"I expect you misunderstood her. But I'd like to know what first put such nonsense into your head—that Mrs. Dale thought the wood was haunted. Can't you remember exactly what she did say?"

"She said something about the gentleman's being killed here, and she wondered at the people coming a Sundays like they used to."

"Was that all?"

"No, she said something about it would serve them right for their pains if they saw the gentleman's ghost."

Dale grunted. "That was just her joke. There are no such things as ghosts."

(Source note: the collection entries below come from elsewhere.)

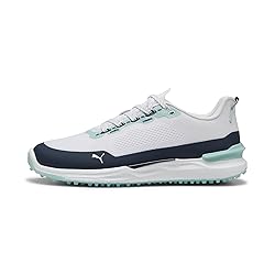 - Step onto the course with confidence in the PUMA IGNITE Elevate X men’s golf shoes, designed for golfers who want performance, comfort, and style in one lightweight package. Built with advanced technology and a sleek spikeless design, these shoes deliver both on-course power and off-course versatility. The foundation of these spikeless golf shoes for men is Ignite foam, a revolutionary midsole that provides plush cushioning, responsive energy return, and superior step-in comfort. Stability is redefined through Floatplate Technology, an integrated midfoot shank that ensures torsional rigidity and balance during your swing. This innovation gives these mens golf shoes spikeless the control you need for powerful, consistent shots, while the Exoshell upper locks in the foot for a secure fit. Rain or shine, these golf shoes men spikeless keep you covered. The waterproof Exoshell upper delivers breathable comfort with a 1-year waterproof guarantee, making them a dependable choice for year-round play. Traction is never in question thanks to 100+ angular lugs that grip multiple surfaces. Perfect as golf sneakers men can wear from the course to casual settings, the flat-top design makes them versatile enough for everyday wear. Whether you’re searching for wide golf shoes for men, durable breathable golf shoes, or stylish white golf shoes men, the Ignite Elevate X blends modern style with game-changing performance. Engineered for comfort, durability, and control, they’re the ultimate upgrade for golfers of all skill levels. Take your game higher with the PUMA IGNITE Elevate X golf shoes for men, where innovation meets comfort, and every round feels effortless.
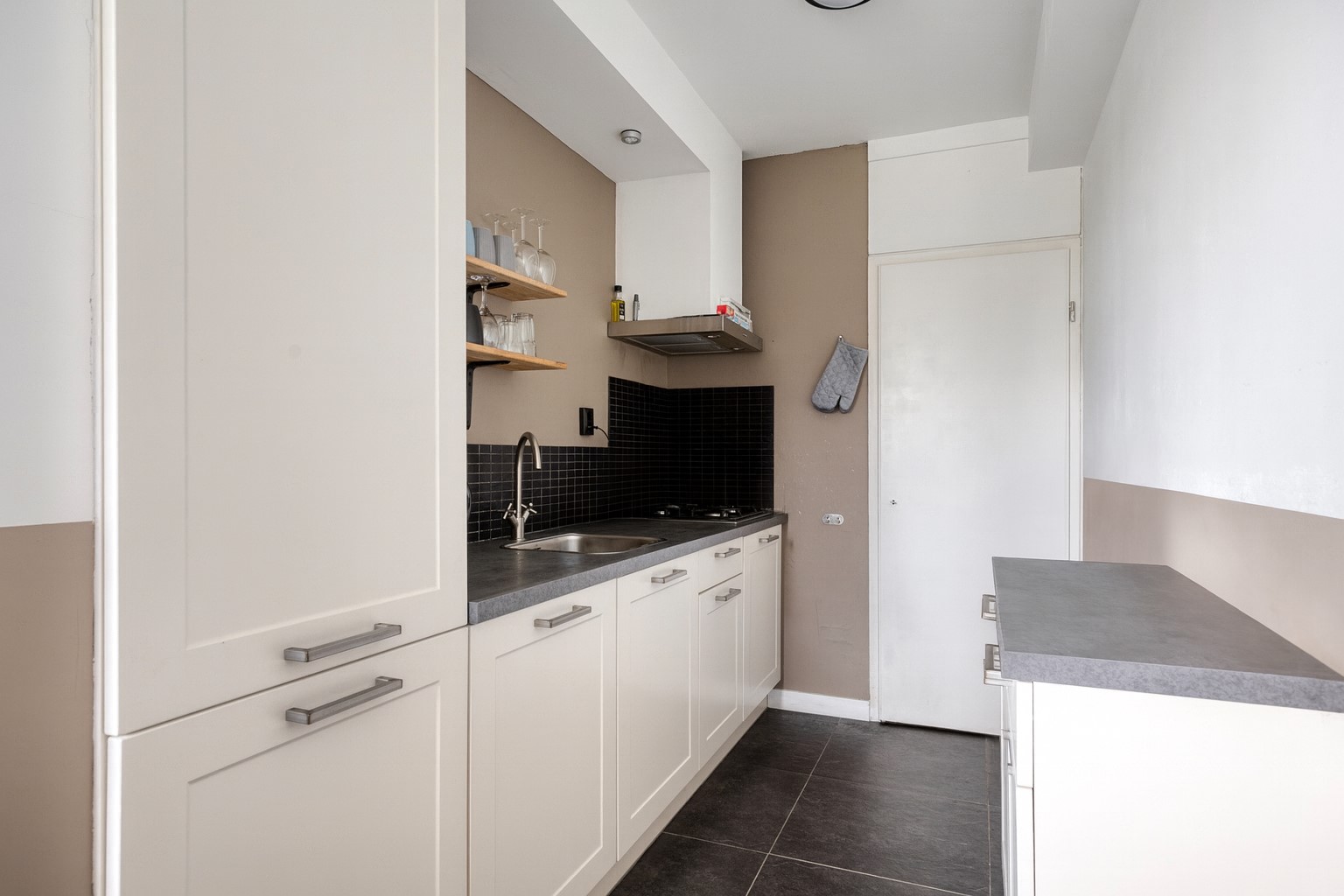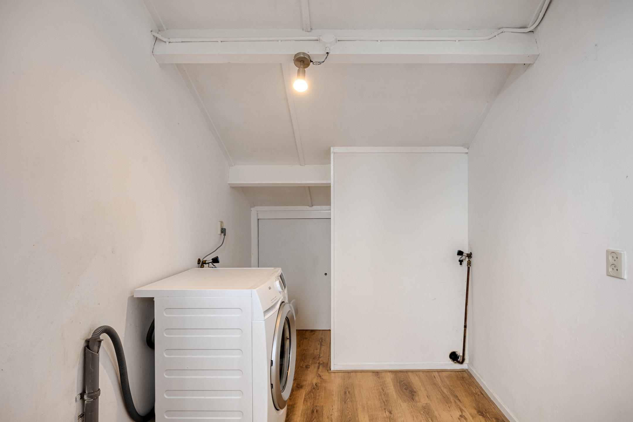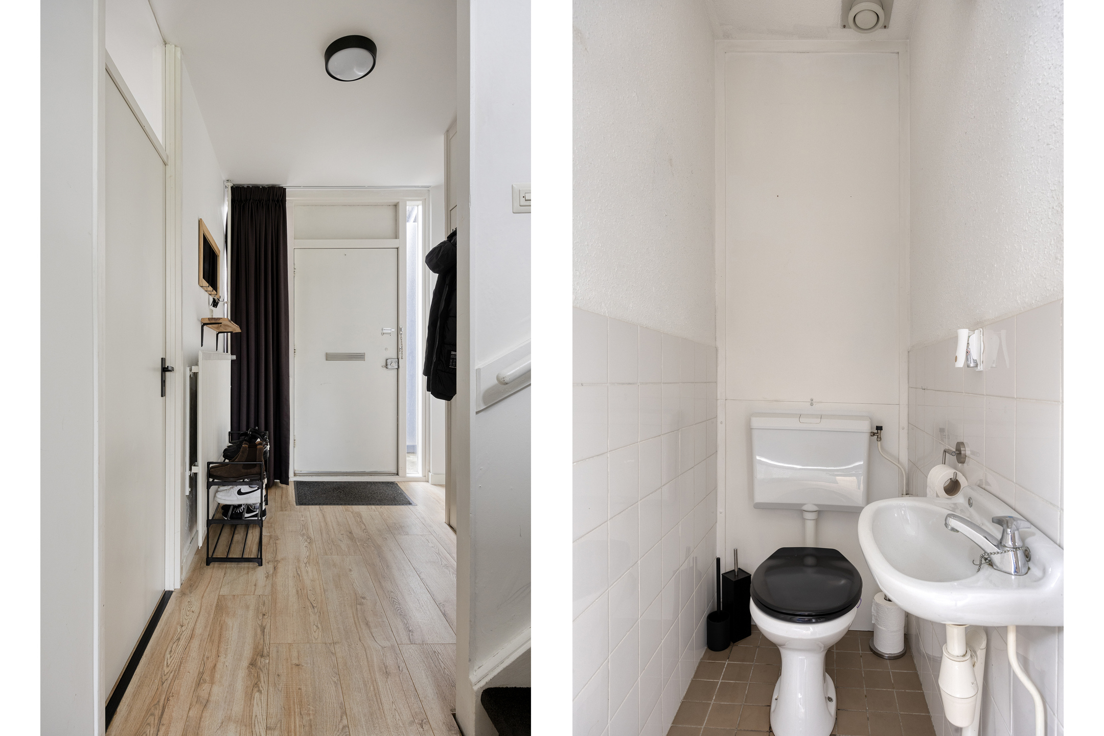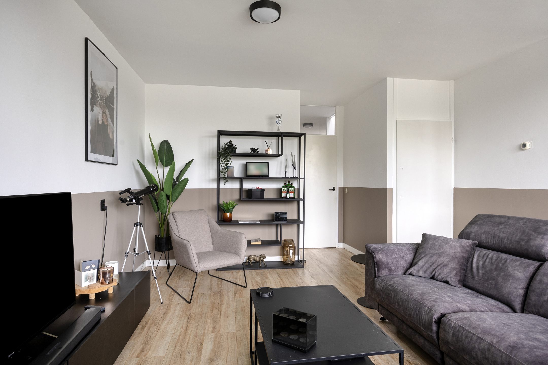 1e woonverdieping: hal, meterkast, toegang tot toilet, badkamer, slaapkamer (ca. 9 m²) en woonkamer. In de hal is de trapopgang naar de 2e verdieping. Fijne ruime en lichte woonkamer, vaste kast en doorloop naar de moderne in 2019 vernieuwde half open keuken. In de hal, woonkamer en slaapkamer ligt een nette laminaatvloer. De keuken is voorzien van inbouwapparatuur, waaronder een vaatwasser, koelkast vriezer en een 4-pits gaskookplaat met afzuigkap. In de keuken is ook een vaste kast met cv-opstelling (Remeha Avanta, bouwjaar 2015). De badkamer is voorzien van een douche, wastafel en een aansluiting voor de wasmachine.
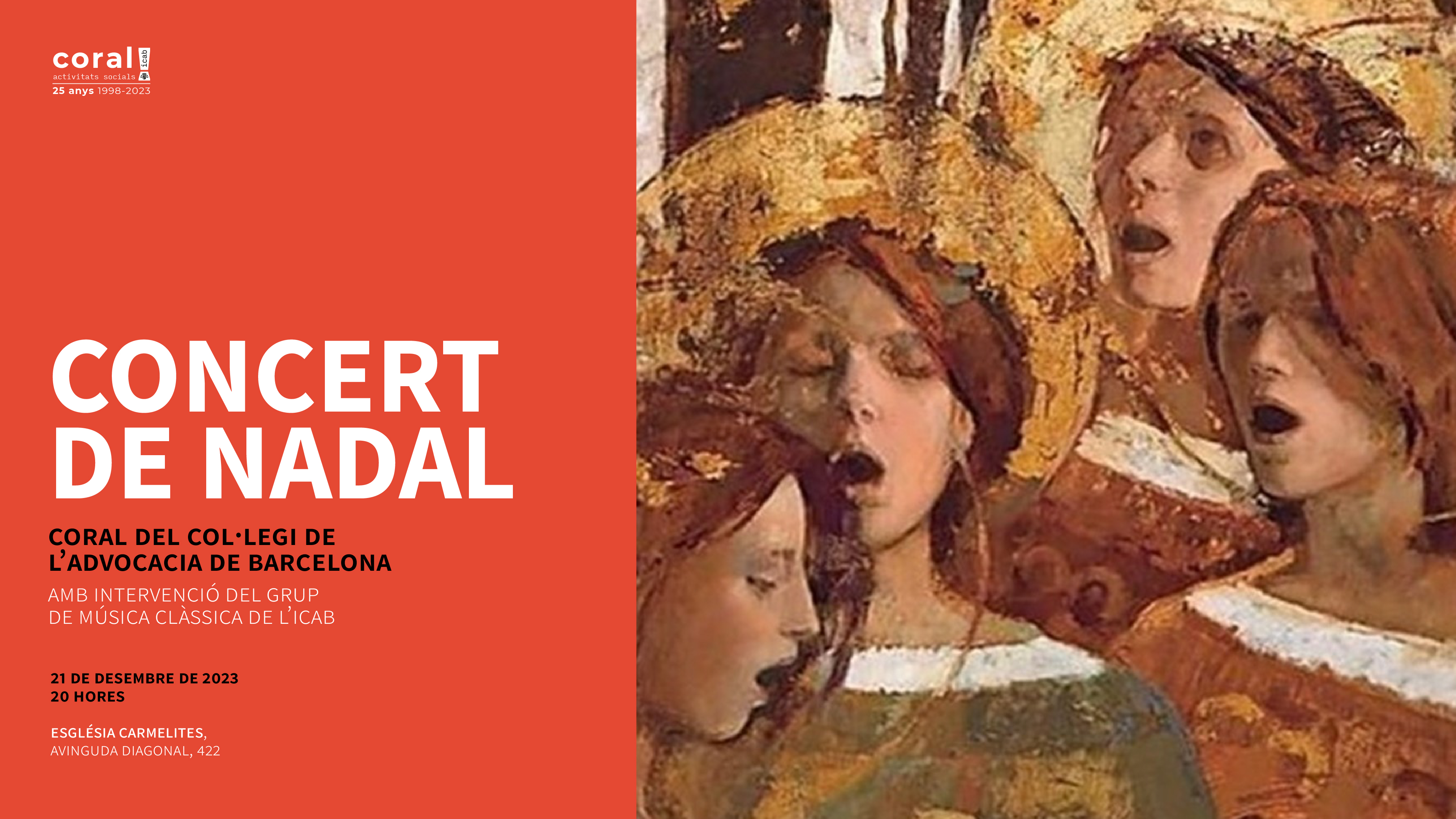 El próximo jueves 21 de diciembre de 2023, a las 20h, en la Iglesia Carmelitas (Avenida Diagonal, 422) de Barcelona, tendrá lugar el tradicional Concierto de Navidad de la Coral del Ilustre Colegio de la Abogacía de Barcelona (ICAB). El recital contará con la intervención del Grupo de Música Clásica del Colegio.
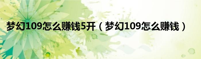 关于梦幻109怎么赚钱5开,梦幻109怎么赚钱这个很多人还不知道,今天菲菲来为大家解答以上的问题,现在让我们一起来看看吧!
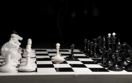 Black pawn against the White Chess Set on Black Background
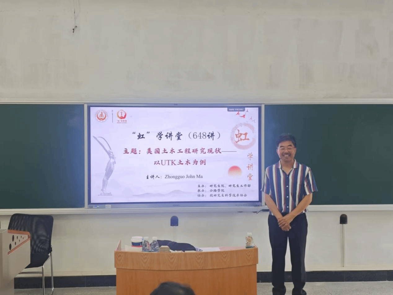 6月26日下午,由研究生院、研究生工作部主办,公路学院承办,校研究生科学技术协会协办的“虹”学讲堂第648讲在南校区北院b401教室举办。美国田纳西大学Zhongguo John Ma教授作题为“美国土木工程研究现状——以UTK土木为例”的报告,公路学院副院长韩万水教授主持,相关学院共180余名师生参加讲座。
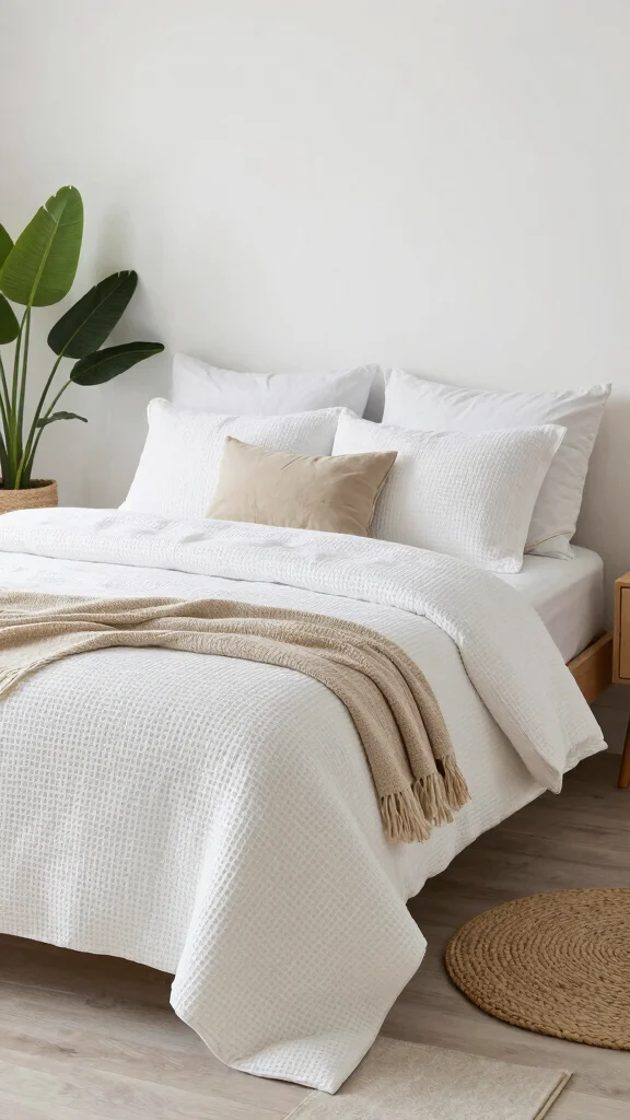 How can I layer white waffle bedding without losing the minimalist vibe?

"Aren't there?" Norah laughed softly and happily, and snuggled down again with her face against his jacket. "You aren't a ghost—though you made me jump, yes, you did. But I wasn't afraid of you."

"Hush," he muttered. "Norah, don't go on—don't." His hands were still on the tree, rigidly fixed there, and he sat bolt upright, staring out over her head.

"Why not? You said I might tell my secrets. I wasn't afraid. I thought 'Oh, aren't I glad I done what Mrs. Dale told me not to—and come into my wondersome, wondersome wood, and drawn you after me!'"

"Norah, stop."

"Why? You're glad too, aren't you? I know you are. I knew it when you came walking so tall and so quiet; an' I thought 'This is it—what I always hoped for—wonders to happen to me in Hadleigh Wood.' But I was afraid of the wood once—more afraid than Granny knew. I wouldn't tell her."